# 94' Nissan Bluebird SSS (Aussie)



## serkz (Sep 30, 2005)

Here are a few pics of my sss.. enjoy


----------



## b14sleeper (Dec 31, 2004)

nice and clean... i like it


----------



## StevenLK (Jul 15, 2002)

pretty cleean. nice .. i wish i had a RHD.


----------



## serkz (Sep 30, 2005)

Thanx ppl 

Heres a few more...


----------



## b14sleeper (Dec 31, 2004)

i like the drop, also you should get some red/clear lights... they will look good on your car.


----------



## serkz (Sep 30, 2005)

b14sleeper said:


> i like the drop, also you should get some red/clear lights... they will look good on your car.

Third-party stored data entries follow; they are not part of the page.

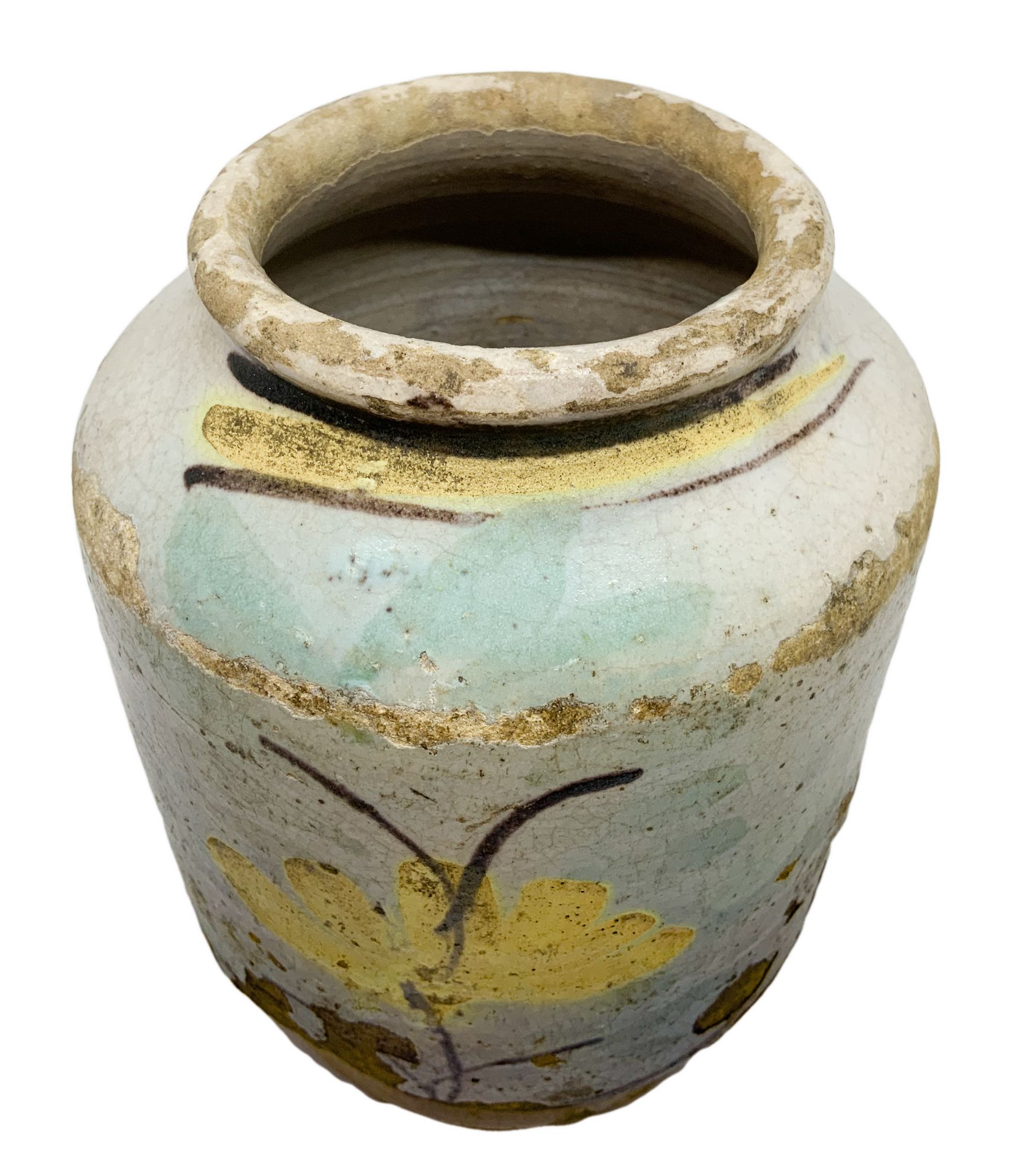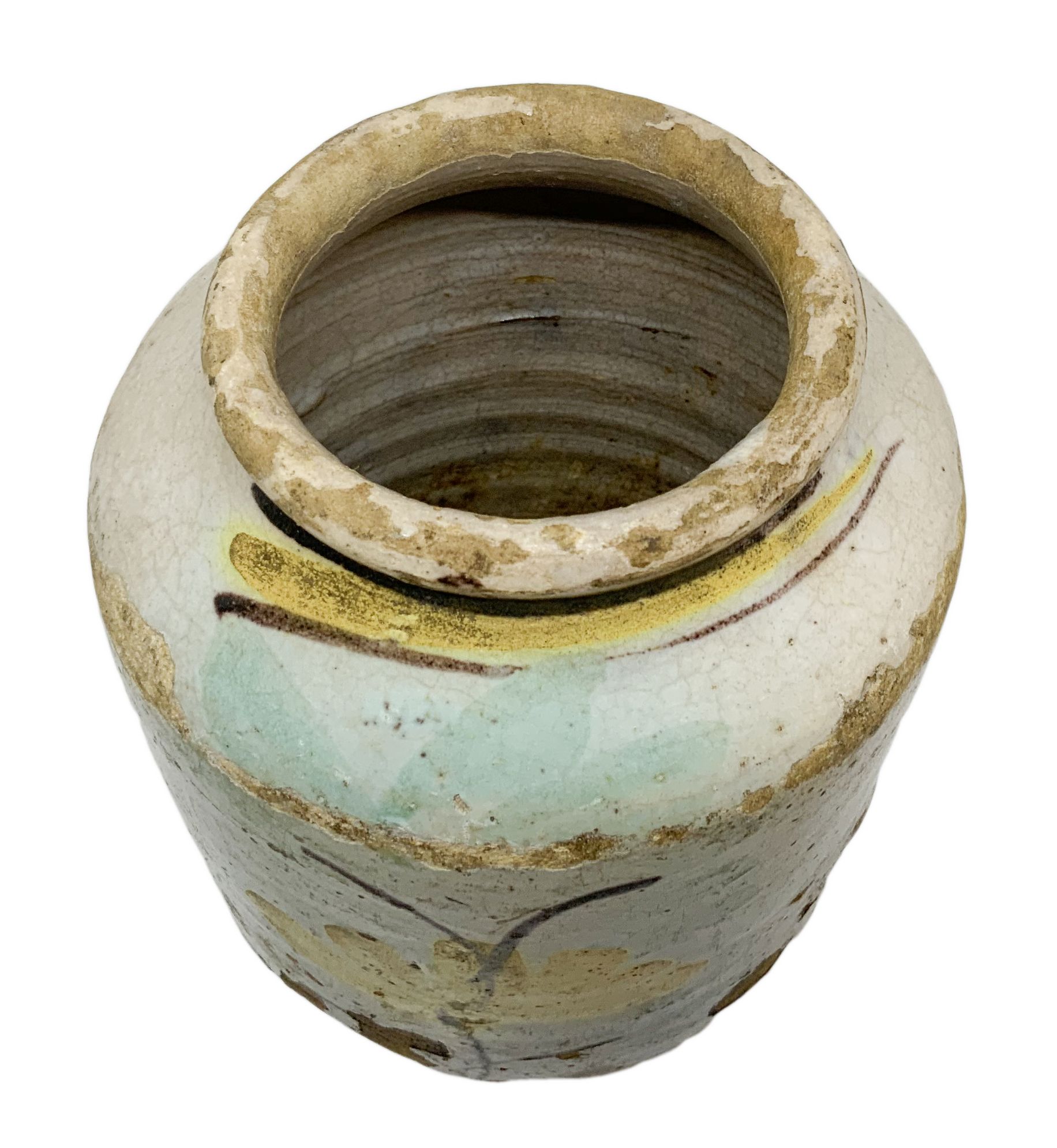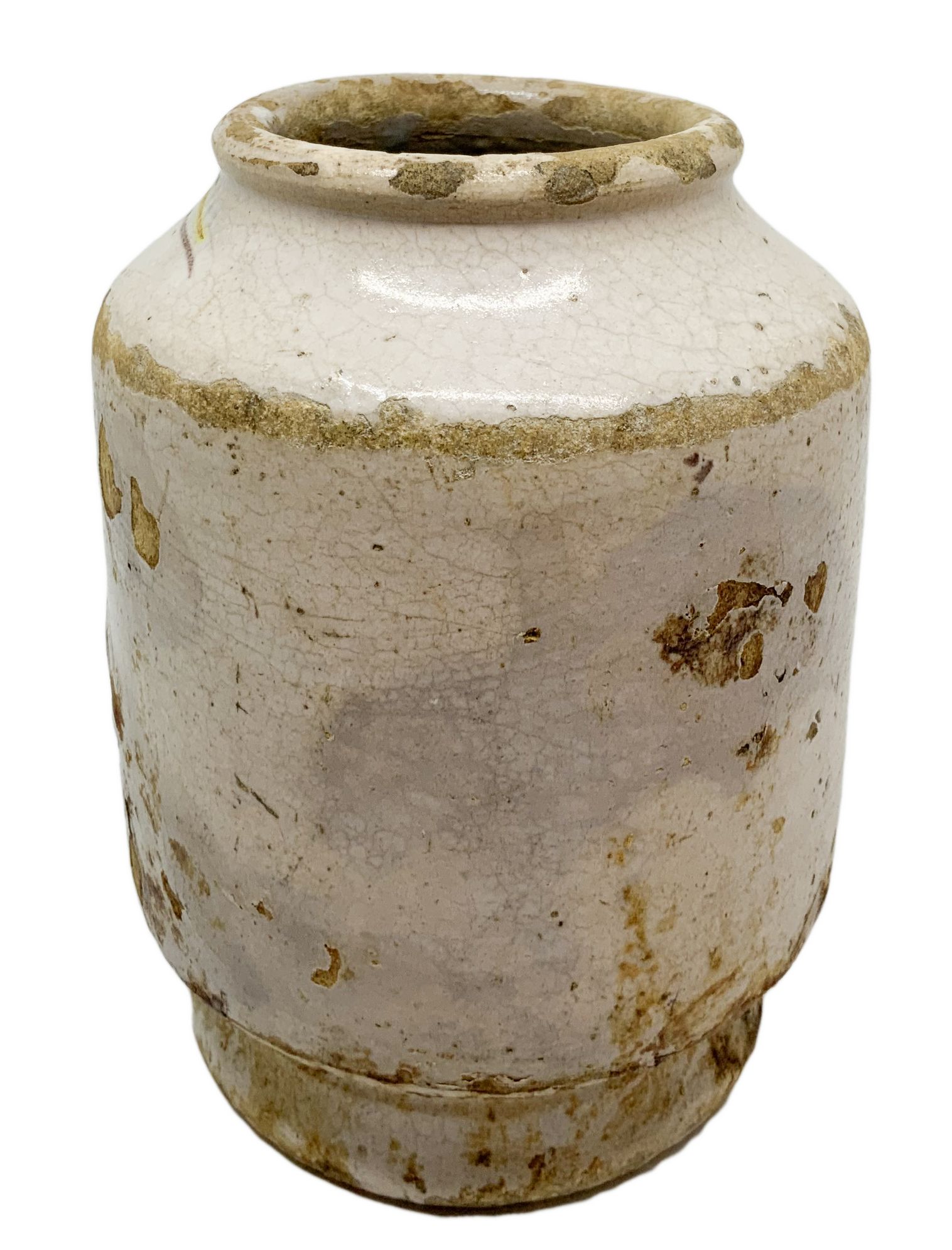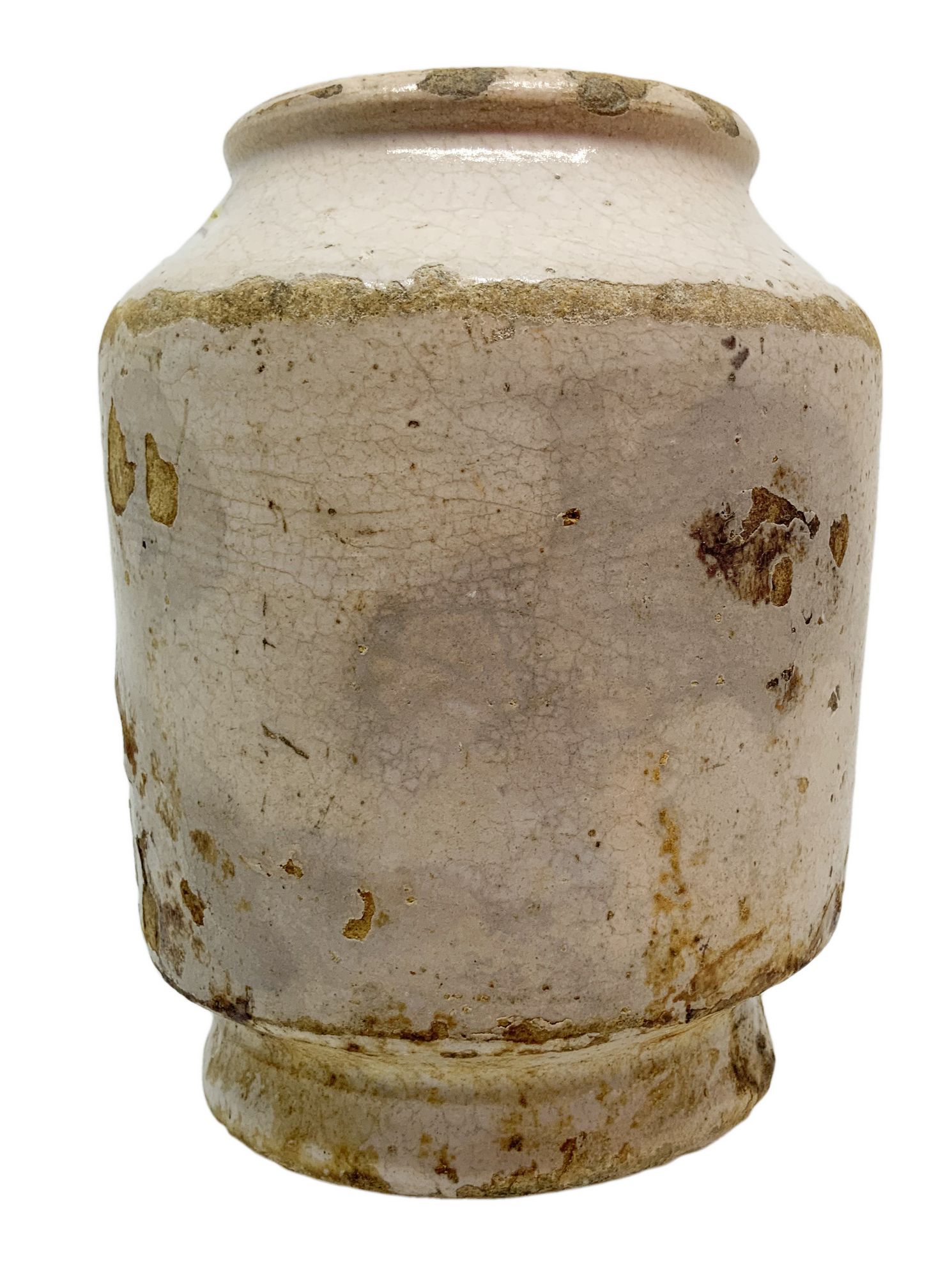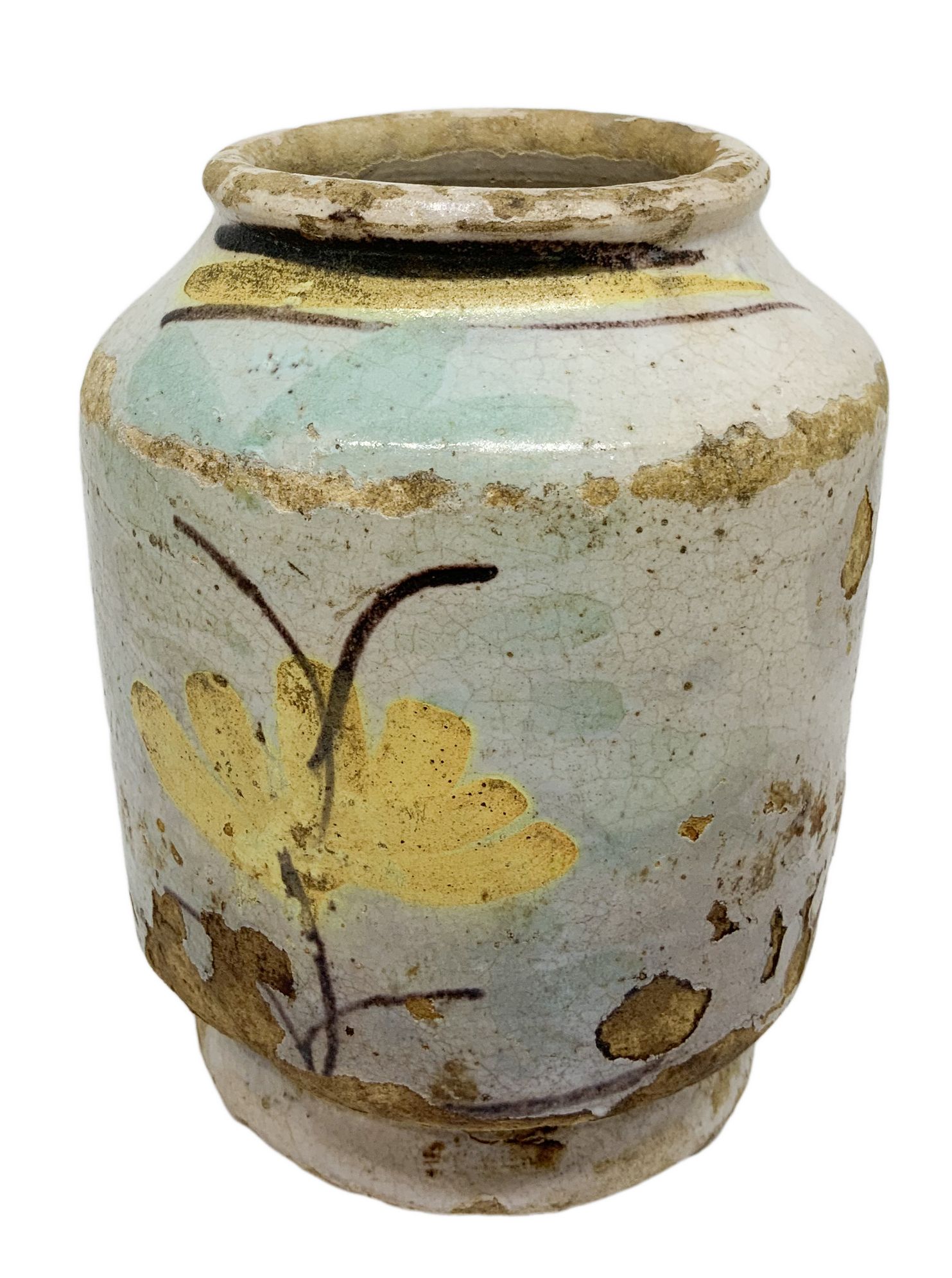 Cilindro in pasta bianca decori floreali gialli sul fondo bianco, Inizi XIX secolo. H cm 14.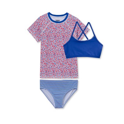 Lands' End Kids Chlorine Resistant Short Sleeve Rash Guard Swim Top and Bikini Set
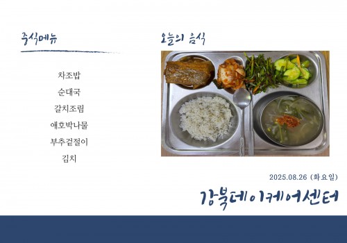 [데이케어] 2025년 8월 26일(화) 중식·간식·석식 식단
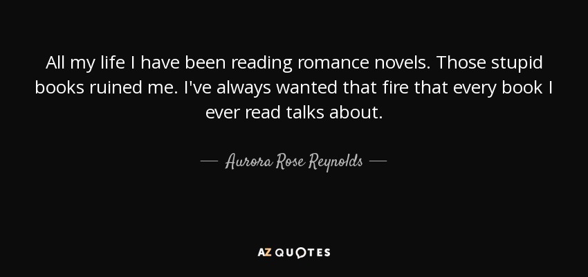 All my life I have been reading romance novels. Those stupid books ruined me. I've always wanted that fire that every book I ever read talks about.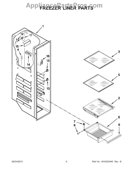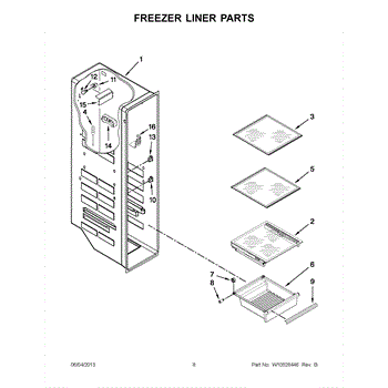 This one-piece freezer bin is the molded drawer for the freezer compartment. Replacing a cracked or warped pan restores storage capacity and smooth sliding, keeping frozen items organized and the drawer securely seated on its rails. What it does: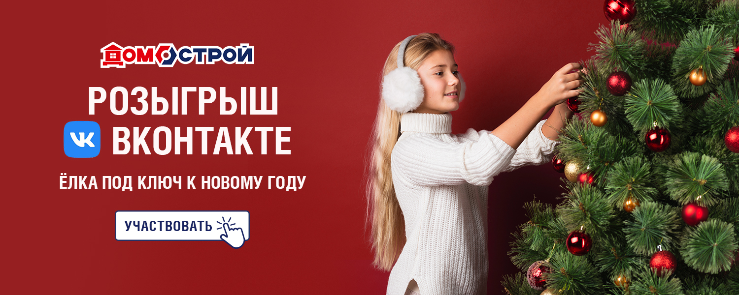 ДомоСтрой объявляет розыгрыш ёлки «под ключ» ВКонтакте. Участвуйте в конкурсе и выигрывайте готовый комплект из искусственной ели (арт. БЦ595), гирлянды (арт. ЕБ952) и набора шаров (арт. ИБ339, КЧ420).

Yeah I agree... could look at doing that in the near future, I'm going hunting for a wrx bonnet scoop for it next week


----------



## himilefrontier (Jan 21, 2003)

WHat engine is in it? Is it a KA24DE? For some reason , I thought the Bluebird SSS had the SR20DET in it.


----------



## mzanubis (Feb 19, 2003)

himilefrontier said:


> WHat engine is in it? Is it a KA24DE? For some reason , I thought the Bluebird SSS had the SR20DET in it.


bluebirds do have SR20's in them, but that seriously looks like KA to me too.


----------



## serkz (Sep 30, 2005)

Yeah the Australian made bluebird's come with KA24DE engines


----------